Post gara. Così erano ridotti i vestiti :)

Quelle che sono da maschiacci di campagna? Ce n’è sempre stata a me che è stata pesantemente stroncata, ed era giocare con il fango. Il mio papà mi ha sempre raccontato che quando era piccolo, non avendo soldi (era l’immediato dopoguerra) e abitando in campagna, si divertiva insieme alle sue sorelle a fare le statuine di fango. Bastava poco: un po’ d’acqua, terra a volontà e dalle mani potevano prendere forma le cose più straordinarie.

Ora, questa storia non mi fu raccontata una volta, ma TANTE volte quand’ero piccola, così quando avevo 8 anni, decisi che era giunto il momento di mettere in pratica questo fantastico gioco a metà tra il mondo di Dickens e quello di Pollyanna.

In un caldo e lunghissimo pomeriggio di luglio, invece che andare a  fare la classica manovalanza di raccolta nettarine, costrinsi mia cugina (poraccia) che stavamo per fare il gioco più fighissimo al mondo, ovvero: giocare con il fango. La povera sventurata, che ovviamente era alquanto assoggettata dalla sottoscritta in quanto lei cugina minore, si lasciò convincere abbastanza facilmente. Tutto filò liscio finché…  Venimmo scovate con le mani (e tutto il resto) in pasta  da nostra nonna Gemma, che non fu proprio felicissima del nostro nuovo passatempo.
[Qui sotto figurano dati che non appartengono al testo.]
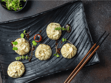 Choose from vegetable, chicken or pork filling. Served with dipping sauce and garnish.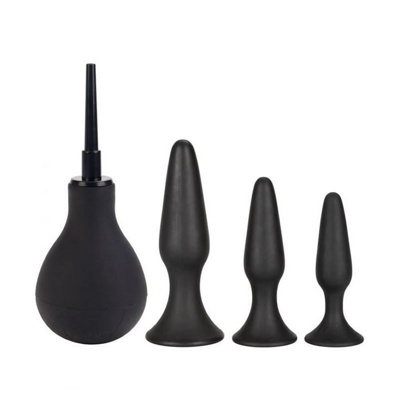 Ideál para principiantes por sus tres tamaños de plugs que facilitan la iniciación anal hasta lograr el tamaño mas avanzado. Ducha anal incluida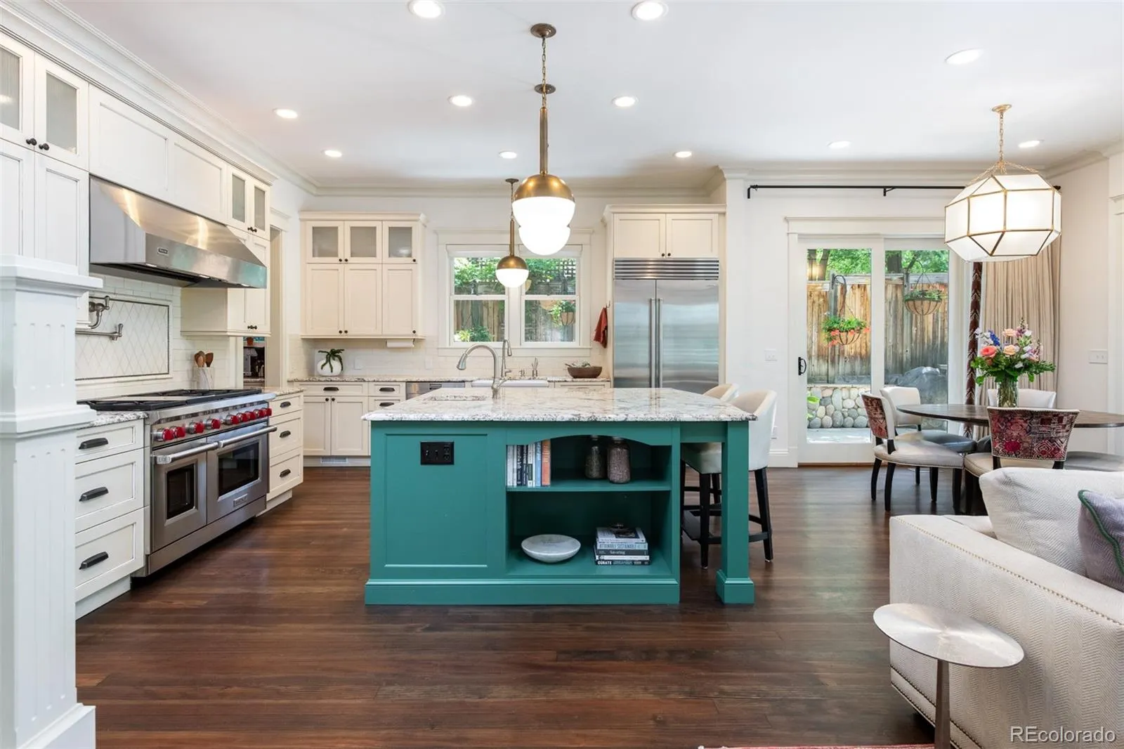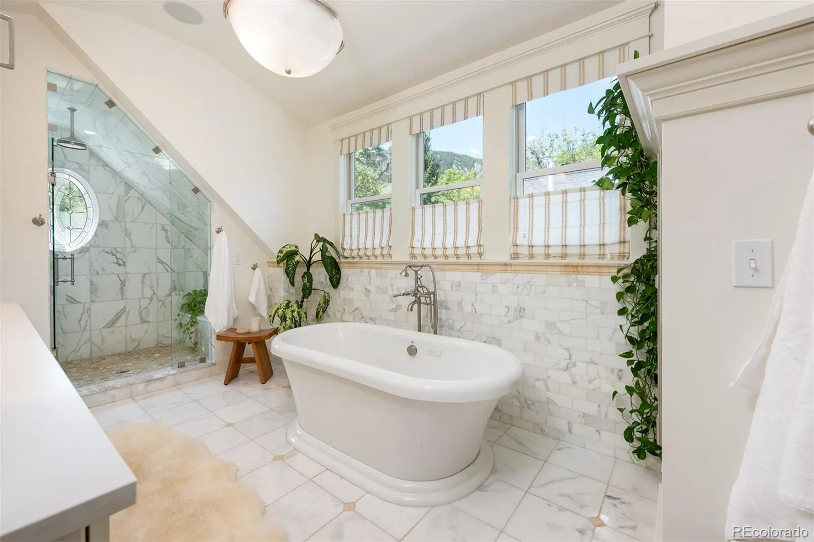 Located on one of Boulder’s most iconic, tree-lined streets, this architecturally rich residence effortlessly blends timeless charm with elevated modern design. Thoughtfully curated and beautifully finished, the main level features sustainably refinished hardwood floors, soaring ceilings, and a striking gourmet kitchen outfitted with a new Sub-Zero refrigerator, Wolf range, and a marble-topped island ideal for gatherings. Refined living and dining spaces exude warmth and character with custom built-ins, designer lighting, and multiple fireplaces.Upstairs, the vaulted primary suite offers a true retreat, complete with its own fireplace, a private balcony, and sweeping Flatiron views. Two additional bedrooms are filled with light and comfort, each enjoying access to a beautifully appointed bath-one en suite, the other just a few steps away. A whimsical “secret” bonus room adds charm and flexibility for imaginative play or clever storage.The lower level expands the living experience with impressive ceiling height, a bright media room, custom shelving, glass-enclosed home office, and a private guest suite with a spa-like bath.Outdoors, the magic continues. The professionally landscaped backyard is a lush and tranquil sanctuary with a newly paved patio, serene waterfall feature, plumbed-in BBQ, and multiple entertaining spaces-plus a storybook two-story playhouse with sandbox and a full sprinkler system for year-round vibrancy. A detached cottage with vaulted ceilings, a kitchenette, and powder room offers flexible bonus space-perfect for a gym, office, studio, guest quarters or teen hangout-while the detached garage boasts epoxy floors and built-in storage. Just moments from top cafes, award-winning restaurants, boutique shopping, Chautauqua Park, and endless hiking trails, this is quintessential Boulder living at its finest.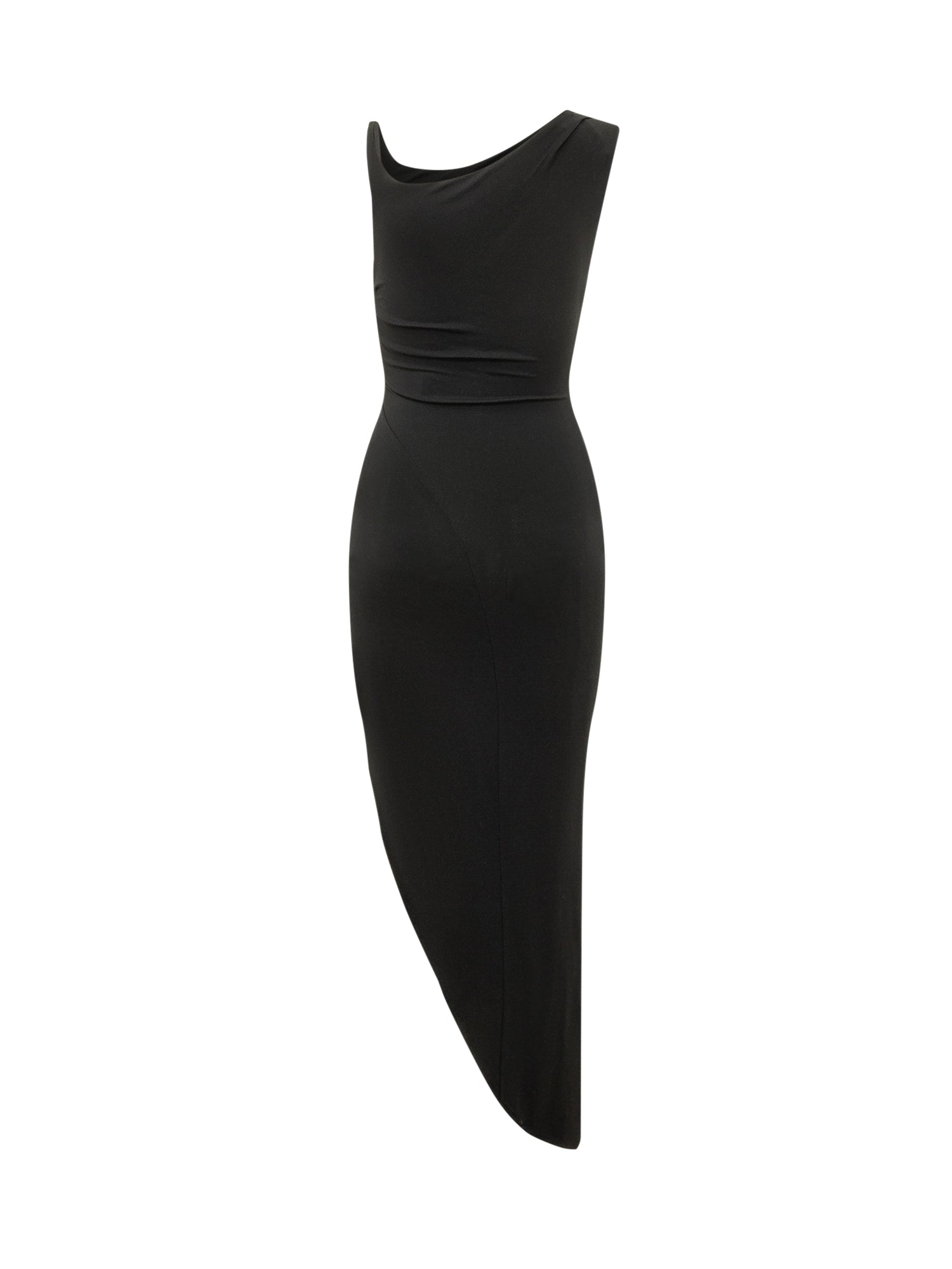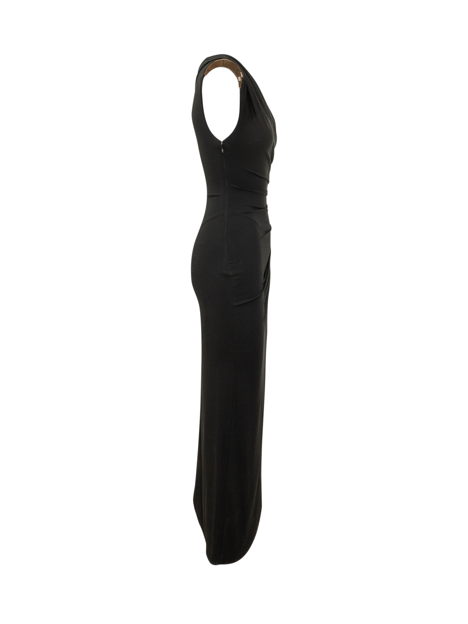 Long one shoulder dress with draped bodice, fitted shape that enhances the silhouette, side slit for easier movement, ideal for ceremonies and evening events, elegant and refined style.
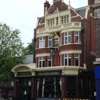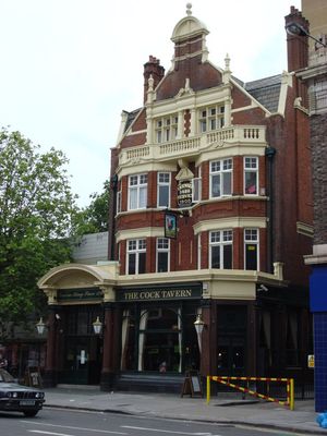 The Cock Tavern Theatre operated within a former pub building on Kilburn High Road, featuring an intimate 40-seat auditorium arranged in three rows that created close proximity between performers and audiences in a compact theatrical environment.

E così, una carriera da creatrice di arte povera (la mia) fu stroncata alla tenera età di 8 anni.

Se vi chiedete perchè stia facendo questo preambolo, un motivo c’è. E’ per spiegare la sensazione che ho provato oggi correndo la mia seconda gara di cross a Bondeno (Ferrara), nel pantano più pantano che possiate immaginare.

Ero partita sicura che, visto il tempo di questa settimana, avrei trovato le condizioni per provare veramente ad andare forte. E invece … ho avuto la possibilità di divertirmi esattamente come una bambina. Come aver ripreso quel gioco dove ero rimasta 24 anni fa.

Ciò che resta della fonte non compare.